The proof-of-concept implements EIP-8079 using the Ethrex client and introduces a mechanism called the EXECUTE precompile. Developers from the Ethereum Foundation worked alongside contributors from L2BEAT to publish code demonstrating a working environment for the model.
We've been working with @kevaundray and @ladislaus0x from @ethereumfndn and @donnoh_eth from @l2beat on a proof of concept of EIP-8079 (native rollups) using @ethrex_client.
— ethrex (@ethrex_client) March 10, 2026
Native rollups reuse Ethereum's own execution to verify L2 state transitions. No ZK circuits, no fraud… pic.twitter.com/VVEtwhheLW
Could Native Rollups Replace Today’s Proof Systems?
Most current Layer 2 networks rely on either fraud proofs used by optimistic rollups or cryptographic validity proofs generated by zero-knowledge systems. Native rollups take a different approach. Instead of verifying proofs, Ethereum would recompute the Layer 2 transactions itself by replaying rollup blocks through the EXECUTE precompile.
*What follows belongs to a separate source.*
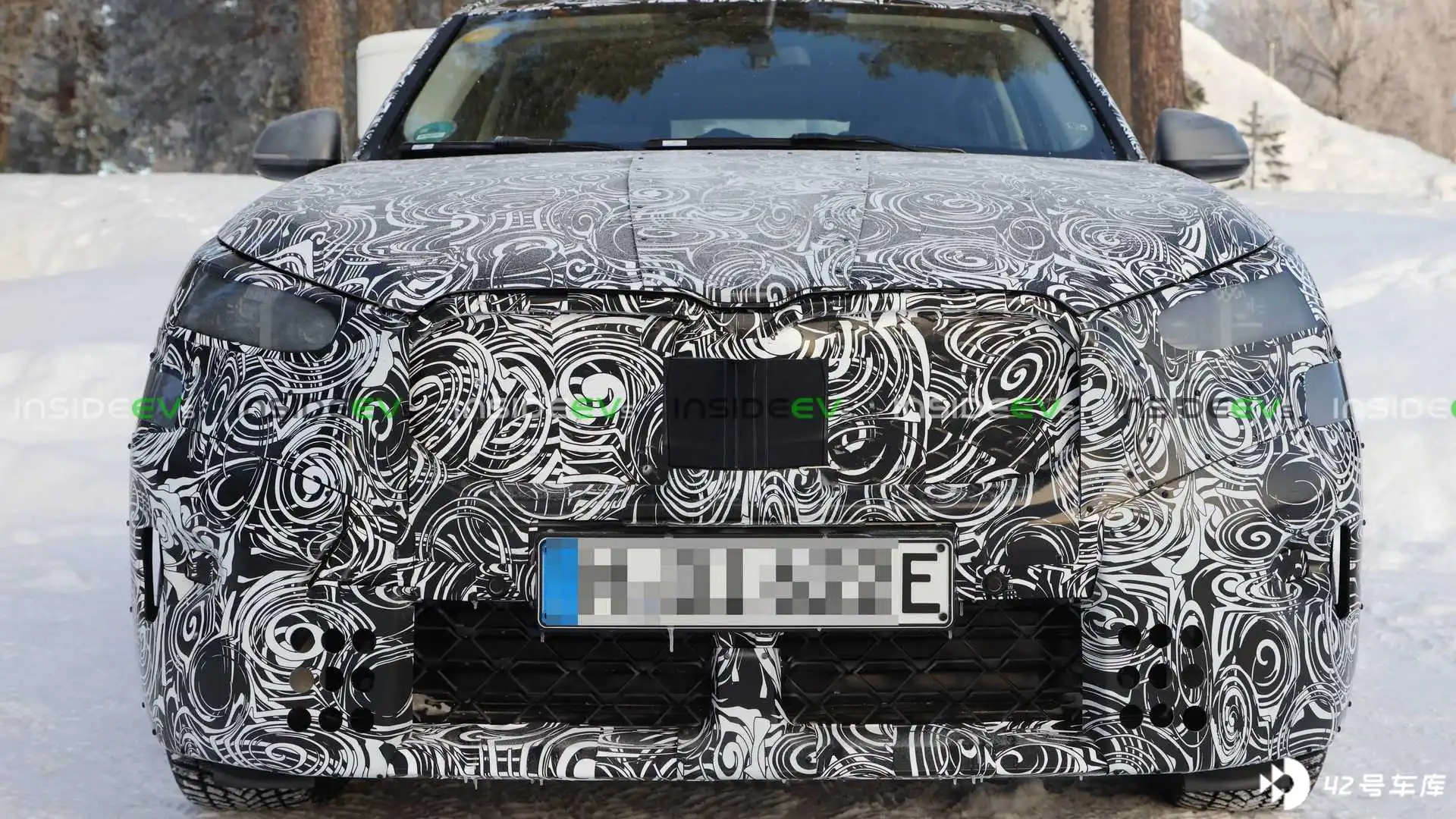 此次曝光的宝马 iX2 相较新款在售的宝马 X2(ULK 平台)具有非常大的不同。设计语言与刚发布不久的新款 X1/iX1 非常类似,车头部分加大了双肾中网的面积,与 iX3、iX1 一样采用封闭形式,中间集成了一颗毫米波雷达,散热处于放在了前杠底部。

The prototype demonstrates the full lifecycle of such a system. Layer 2 blocks are submitted to Ethereum, executed onchain, and their state changes confirmed by the base layer. Deposits can move assets to the rollup, cross-layer contracts can interact, and withdrawals are verified through Merkle Patricia state proofs.
This architecture could simplify the operational stack required for rollups. According to ecosystem data from L2BEAT, Layer 2 networks currently secure tens of billions of dollars in value across multiple proof systems and verification models. Could a single verification path tied directly to Ethereum reduce that complexity over time?
Researchers stress that the current implementation remains experimental and not production infrastructure. Yet the model illustrates how rollups might inherit upgrades and security properties directly from the base chain without maintaining independent verification frameworks.
The experiment arrives amid ongoing debate about Ethereum’s long-term scaling strategy. Vitalik Buterin recently noted that while Ethereum’s rollup-centric roadmap remains intact, parts of the Layer 2 ecosystem have decentralized more slowly than expected. The next phase of research will test whether native rollups can evolve from proof-of-concept code into viable infrastructure for Ethereum’s scaling stack.